Saved entries ::
_ _ _ _ _ _ _
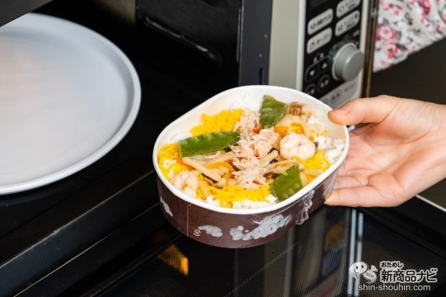 ちらし寿司は、外側の袋から取り出して温める。600Wで3分加熱した後、透明フィルムを少し開封して室温に20~30分置いて冷ます工程が必要。
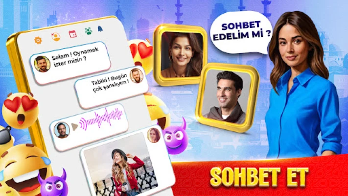 VIP Okey, Türkiye'nin her yerinden yeni arkadaşlar edinip canlı sohbet etme fırsatı sunar. Arkadaşlarınızla oynayabilir, genel veya özel sohbetler yapabilir, canlı sesli sohbet özelliğini kullanabilir, emoji ve hediyeler gönderebilirsiniz.
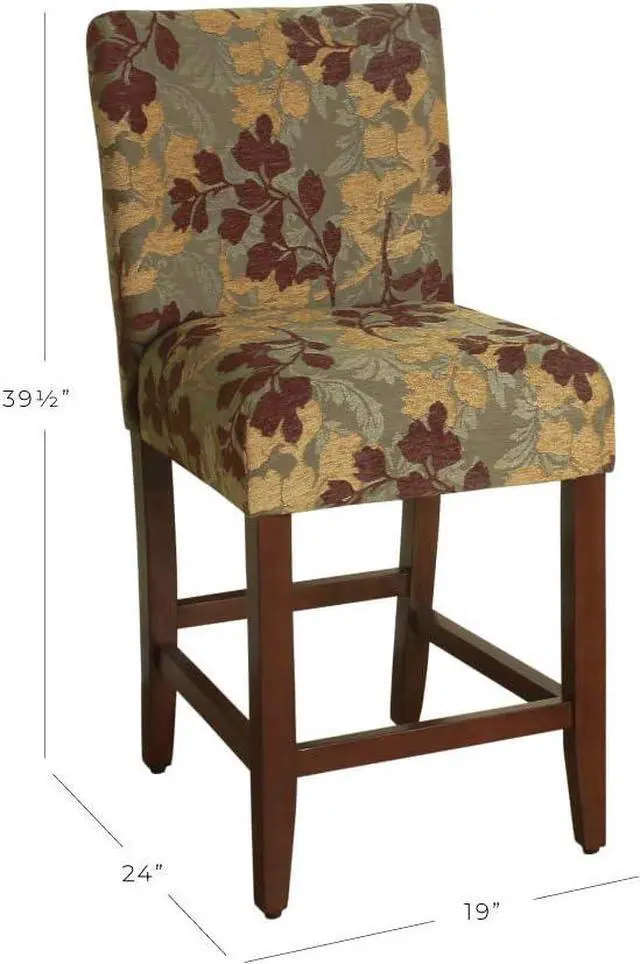 24 INCH BAR STOOLS: Our single upholstered chair counter stool features a timeless blue floral print with wood legs in a striking natural finish | Our counter height chairs support up to 250 lbs
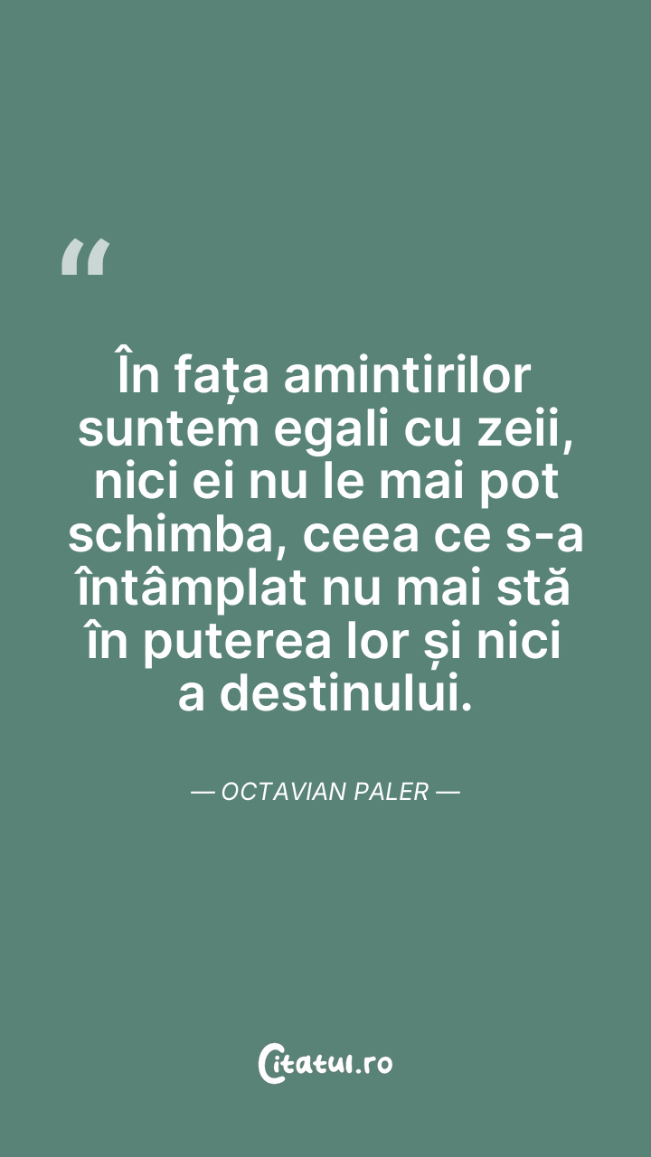 În fața amintirilor suntem egali cu zeii, nici ei nu le mai pot schimba, ceea ce s-a întâmplat nu mai stă în puterea lor și nici a destinului. Octavian Paler
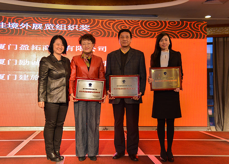 2月5日下午,厦门市会议展览业协会2014年度总结表彰暨第三届七次会员大会在厦门牡丹国际酒店隆重召开,市旅游局副局长、会展局局长王琼文、商务部投洽会驻厦办主任韩青、市社会组织促进会会长刘光彩、市会展政策咨询顾问、长期与市会展协会合作的新闻媒体及市会展协会会长、副会长、会员单位的负责人与代表出席了大会。与会领导为获奖单位和个人颁发了奖牌。
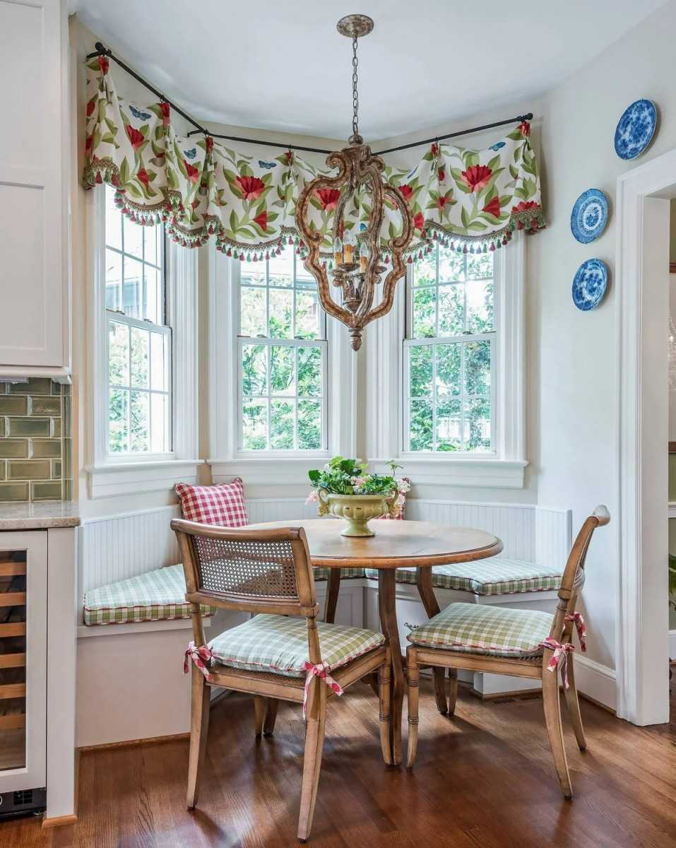 Атласные и шелковые шторы, конечно, выглядят роскошно, как и гардины из тафты, но с точки зрения практического использования на кухню они просто не подойдут. Любая капля жидкости или жира, оставит след на нежной поверхности этих тканей. Так что приберегите их для спальни или гостиной. Хотя, если ваша кухня служит только для того, чтобы выпить чашку утреннего кофе, то вы можете рискнуть и все же украсить интерьер шелком или тафтой.
_ _ _ _ _ _ _
Set the pictures aside and retype exactly the lines above from the line with "24 INCH BAR" to the line with "În fața amintirilor", both included, adding no others.

 24 INCH BAR STOOLS: Our single upholstered chair counter stool features a timeless blue floral print with wood legs in a striking natural finish | Our counter height chairs support up to 250 lbs
 În fața amintirilor suntem egali cu zeii, nici ei nu le mai pot schimba, ceea ce s-a întâmplat nu mai stă în puterea lor și nici a destinului. Octavian Paler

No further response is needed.